:: What you are asked to do ::
What follows is a set of records; restate each one word for word and drop the pictures.

:: Input material ::
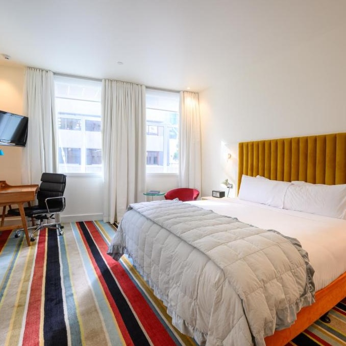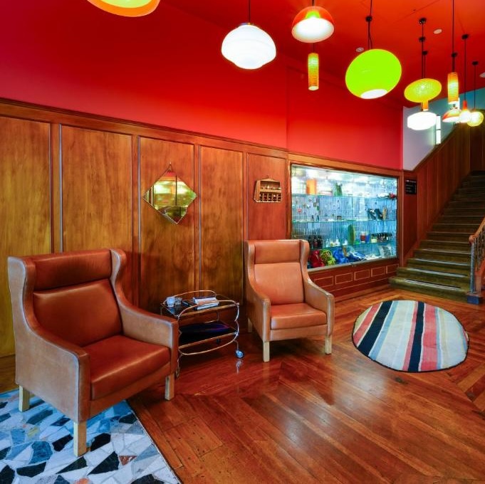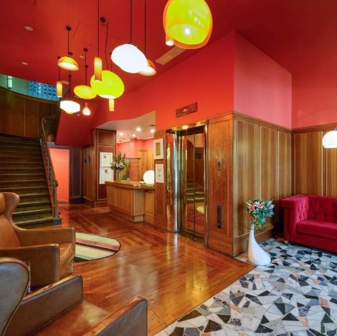 In its new incarnation it reflects High Street’s creative, eclectic character right back at it, thanks to its new owners, John Courtney and Michelle Deery, the latter of whom actually served as the hotel’s interior designer. Her signature is most visible in the wildly patterned, brightly colored carpets, but extends throughout, down to the inspiring contrast of mid-century modern furniture and Art Deco architecture.
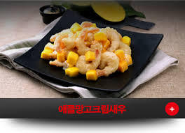 애플망고를 곁드린 크림 새우 요리
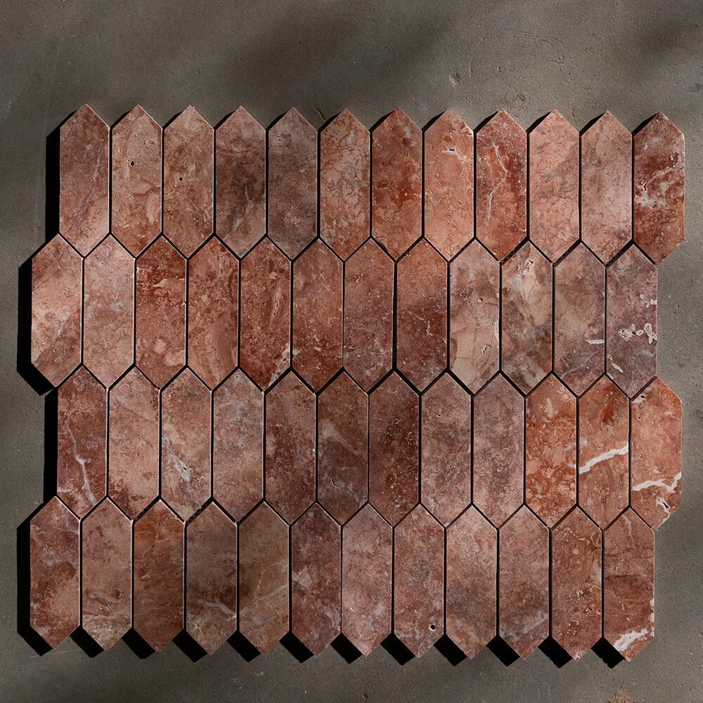 Mozaicul din travertin Opium Red Pillar, cu dimensiunile de 30.5 x 28 cm, aduce in orice proiect de design interior o nota distincta de rafinament. Realizat din piatra naturala cu o cromatica de rosu intens, acest mozaic se remarca prin textura sa unica si aspectul polisat, perfect pentru a crea accente vizuale sofisticate.
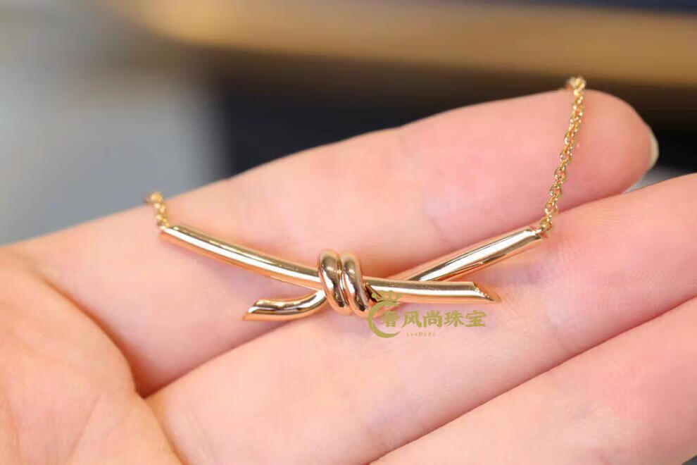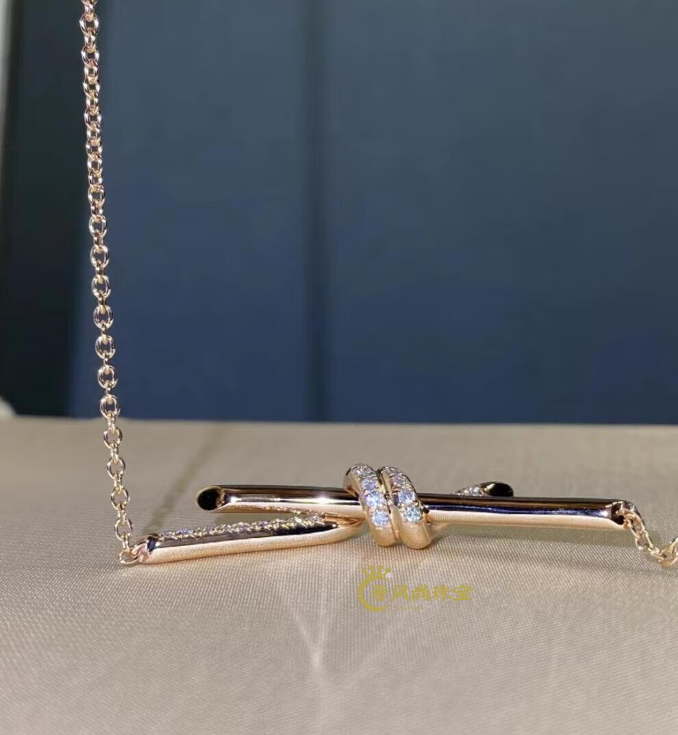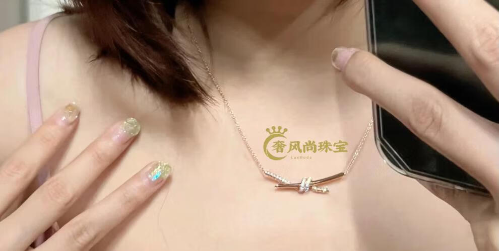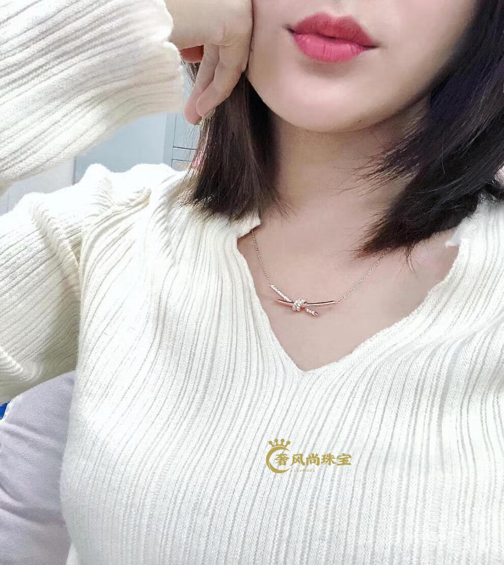 Fat Donglai's same style 18k gold smile necklace Knot rope for women, light luxury and simple K gold rose gold bow silver T-band diamond necklace rose gold
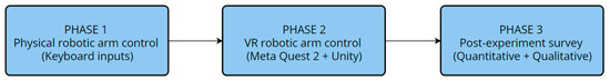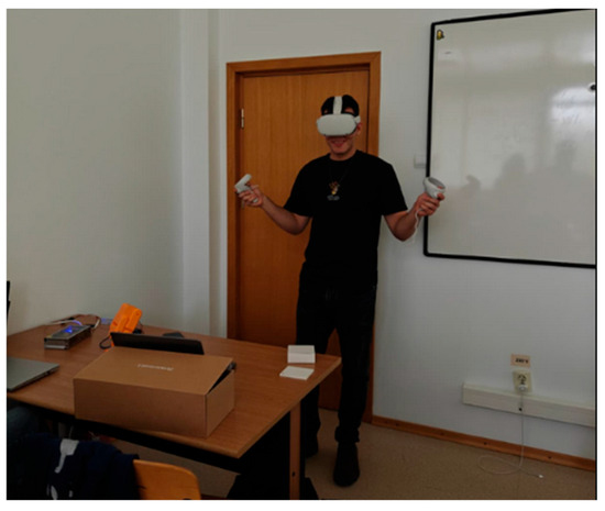 The experiment involved 31 third-year students from the Faculty of Engineering in Foreign Languages (FILS). The group distribution included 19 information engineering students, who comprised 61.3% of the sample, and 12 applied electronics students, representing 38.7% of the total number of participants. The experiment was organized into two separate phases to facilitate a thorough comparison of control approaches (Figure 8). During the first phase, the traditional control phase, students manipulated the robotic arm by standard keyboard inputs, allowing them core expertise in direct system control. In the second phase, the VR control phase (Figure 9), the same students used the robotic arm through a VR headset interface, allowing a direct comparison of user experiences and system efficacy across the two control paradigms. Following the completion of both stages, students completed a questionnaire that included both open-ended qualitative and quantitative questions. Their satisfaction, perceived difficulty, usability evaluations, and preferences for various learning approaches were collected in this survey.

:: Solution for this problem ::
 In its new incarnation it reflects High Street’s creative, eclectic character right back at it, thanks to its new owners, John Courtney and Michelle Deery, the latter of whom actually served as the hotel’s interior designer. Her signature is most visible in the wildly patterned, brightly colored carpets, but extends throughout, down to the inspiring contrast of mid-century modern furniture and Art Deco architecture.
 애플망고를 곁드린 크림 새우 요리
 Mozaicul din travertin Opium Red Pillar, cu dimensiunile de 30.5 x 28 cm, aduce in orice proiect de design interior o nota distincta de rafinament. Realizat din piatra naturala cu o cromatica de rosu intens, acest mozaic se remarca prin textura sa unica si aspectul polisat, perfect pentru a crea accente vizuale sofisticate.
 Fat Donglai's same style 18k gold smile necklace Knot rope for women, light luxury and simple K gold rose gold bow silver T-band diamond necklace rose gold
 The experiment involved 31 third-year students from the Faculty of Engineering in Foreign Languages (FILS). The group distribution included 19 information engineering students, who comprised 61.3% of the sample, and 12 applied electronics students, representing 38.7% of the total number of participants. The experiment was organized into two separate phases to facilitate a thorough comparison of control approaches (Figure 8). During the first phase, the traditional control phase, students manipulated the robotic arm by standard keyboard inputs, allowing them core expertise in direct system control. In the second phase, the VR control phase (Figure 9), the same students used the robotic arm through a VR headset interface, allowing a direct comparison of user experiences and system efficacy across the two control paradigms. Following the completion of both stages, students completed a questionnaire that included both open-ended qualitative and quantitative questions. Their satisfaction, perceived difficulty, usability evaluations, and preferences for various learning approaches were collected in this survey.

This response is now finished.